"Kewen.Lin" <[email protected]> writes:
> Hi Richard,
>
> Thanks for the comments!
>
> on 2024/8/12 16:55, Richard Sandiford wrote:
>> "Kewen.Lin" <[email protected]> writes:
>>> Hi,
>>>
>>> Commit r15-2084 exposes one ICE in LRA. Firstly, before
>>> r15-2084 KFmode has 126 bit precision while V1TImode has 128
>>> bit precision, so the subreg (subreg:V1TI (reg:KF 131) 0) is
>>> paradoxical_subreg_p, which stops some passes from doing
>>> some optimization.
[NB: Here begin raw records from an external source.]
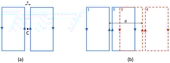 (a) Two rectangular RF coils with counter-rotating currents, used to schematize a rFO8 RF coil with symmetric rectangular return paths. Point C represents the geometrical center of the two central current paths separated by the distance s. (b) Two identical and symmetric rFO8 coils with the central current elements shifted by the distance d.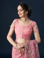 The blouse worn by the model might be for modelling purpose only. Check the image of the blouse piece to understand how the actual blouse piece looks like.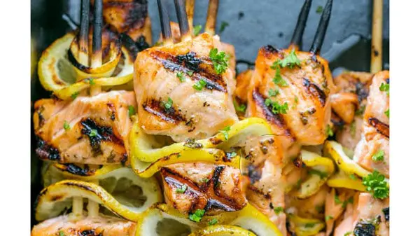 ماهی از مفیدترین غذاهای حاوی پروتئین است که همیشه دنبال راه های تازه برای طبخ آن هستیم. کباب سالمون لیمویی این فرصت را فراهم میکند که یک وعده غذایی جدید حاوی این ماده مفید را به برنامه غذایی خود اضافه کنیم. در ضمن کباب سالمون لیمویی بسیار زیبا و شیک هم هست و حتی میتوانید آن را در مهمانی Party ها سرو کنید. فقط کافی است ماهی ها را خرد کنید و همراه با لیمو ترش سیخ بگیرید. بعد هم یک سس عالی از لیموترش، خردل، جعفری و ادویه جات روی آن میمالید تا کباب سالمون طعم بهتری پیدا کند. کباب سالمون لیمویی را میتوانید روی گریل تهیه کنید یا در تابه روی شعله سرخ کنید.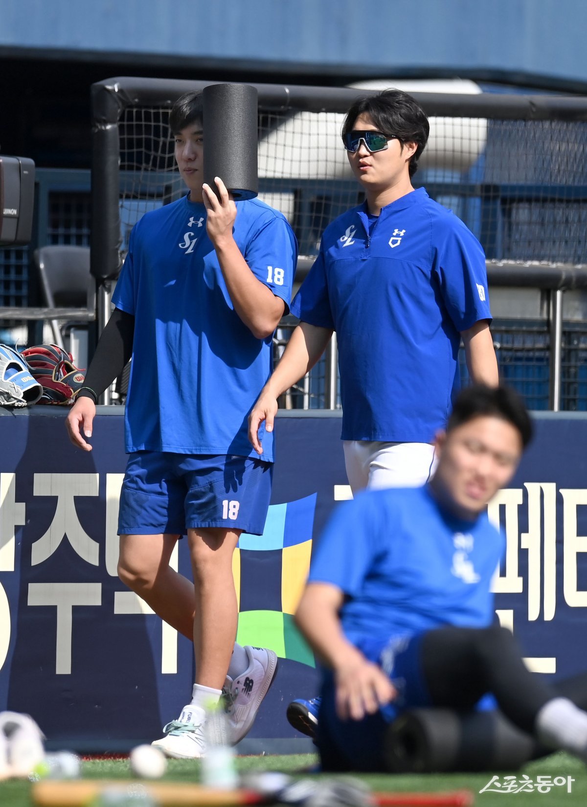 25일 서울 잠실야구장에서 ‘2024 신한은행 SOL뱅크 KBO리그’ 삼성 라이온즈와 LG 트윈스 경기가 열린다. 경기 전 삼성 원태인이 햇빛을 가리고 걸어가고 있다. 잠실 | 김종원 기자 won@donga.com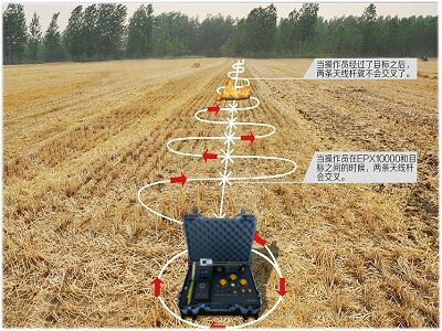 若存在目标物体,当我们走在目标物体和EPX30000地面探测器之间的传输线上时,两杆就会完全交叉。此传输线对于单个目标物来说通常是15厘米宽。我们可以通过仔细检查判断其是否为稳定信号。这样操作者需要返回、放松、再次移动到传输线上。若接收杆每次都会交叉,然后我们可以按照例2中的信号追踪图追踪目标信号。当操作员穿过埋藏的物体后,将无任何显示。目标物就位于***后一次杆交叉位置和无交叉显示的位置之间。金属探测器可用于对目标物体进行精确定位。参照我们的示例,继续练习以取得更好的效果。

After r15-2084, KFmode has the same mode
>>> precision as V1TImode, passes are able to optimize more, but
>>> it causes this ICE in LRA as described below:
>>>
>>> For insn 106 (set (mem:V1TI ...) (subreg:V1TI (reg:KF 133) 0)),
>>> which matches pattern
>>>
>>> (define_insn "*vsx_le_perm_store_<mode>"
>>> [(set (match_operand:VSX_LE_128 0 "memory_operand" "=Z,Q")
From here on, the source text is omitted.